EXTRACTED INFORMATION:
◇ ◇ ◇ ◇ ◇ ◇ ◇

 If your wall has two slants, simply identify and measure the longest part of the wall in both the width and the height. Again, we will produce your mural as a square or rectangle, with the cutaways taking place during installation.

◇ ◇ ◇ ◇ ◇ ◇ ◇

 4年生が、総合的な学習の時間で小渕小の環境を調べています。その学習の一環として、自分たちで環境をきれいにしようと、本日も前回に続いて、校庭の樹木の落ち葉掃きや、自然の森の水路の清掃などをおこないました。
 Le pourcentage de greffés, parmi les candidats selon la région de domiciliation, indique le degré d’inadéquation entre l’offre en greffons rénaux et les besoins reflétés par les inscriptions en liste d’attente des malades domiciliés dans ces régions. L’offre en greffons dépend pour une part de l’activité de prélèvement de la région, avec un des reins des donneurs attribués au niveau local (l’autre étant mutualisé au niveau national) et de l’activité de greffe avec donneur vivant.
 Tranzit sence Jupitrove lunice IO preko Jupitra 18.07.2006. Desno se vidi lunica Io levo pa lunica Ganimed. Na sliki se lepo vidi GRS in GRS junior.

◇ ◇ ◇ ◇ ◇ ◇ ◇

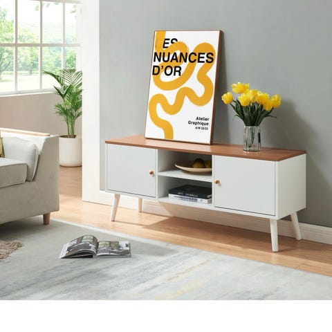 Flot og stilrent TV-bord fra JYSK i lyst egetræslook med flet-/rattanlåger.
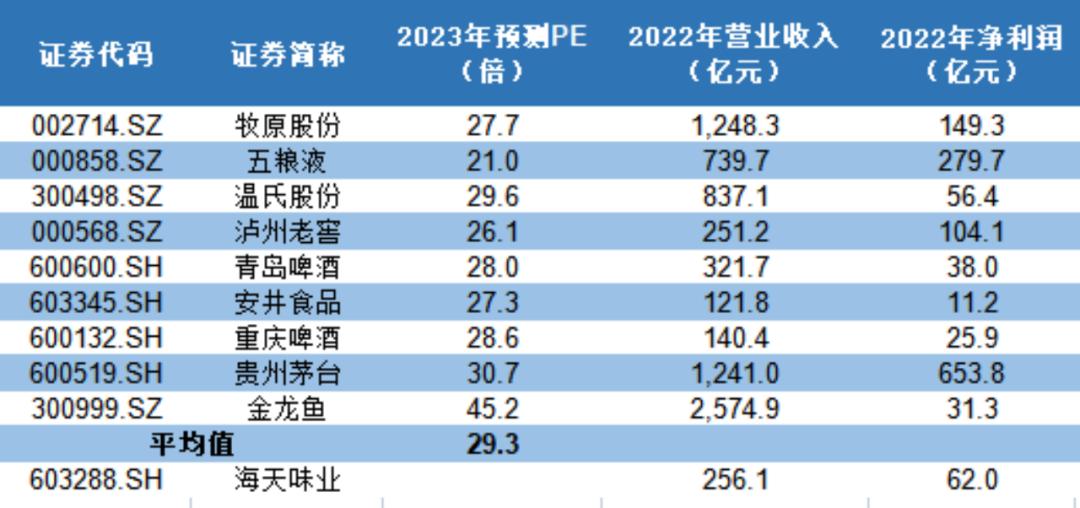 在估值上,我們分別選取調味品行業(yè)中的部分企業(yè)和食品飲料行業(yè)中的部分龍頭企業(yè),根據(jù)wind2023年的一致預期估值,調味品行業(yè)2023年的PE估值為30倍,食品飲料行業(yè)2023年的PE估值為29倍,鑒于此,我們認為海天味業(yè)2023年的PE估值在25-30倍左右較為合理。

◇ ◇ ◇ ◇ ◇ ◇ ◇

WORK INSTRUCTIONS: Extract exactly and only the lines above from the line containing "4年生が、総合的な学習の時間" through the line containing "Le pourcentage de", both end lines included.

RESPONSE BOX:
 4年生が、総合的な学習の時間で小渕小の環境を調べています。その学習の一環として、自分たちで環境をきれいにしようと、本日も前回に続いて、校庭の樹木の落ち葉掃きや、自然の森の水路の清掃などをおこないました。
 Le pourcentage de greffés, parmi les candidats selon la région de domiciliation, indique le degré d’inadéquation entre l’offre en greffons rénaux et les besoins reflétés par les inscriptions en liste d’attente des malades domiciliés dans ces régions. L’offre en greffons dépend pour une part de l’activité de prélèvement de la région, avec un des reins des donneurs attribués au niveau local (l’autre étant mutualisé au niveau national) et de l’activité de greffe avec donneur vivant.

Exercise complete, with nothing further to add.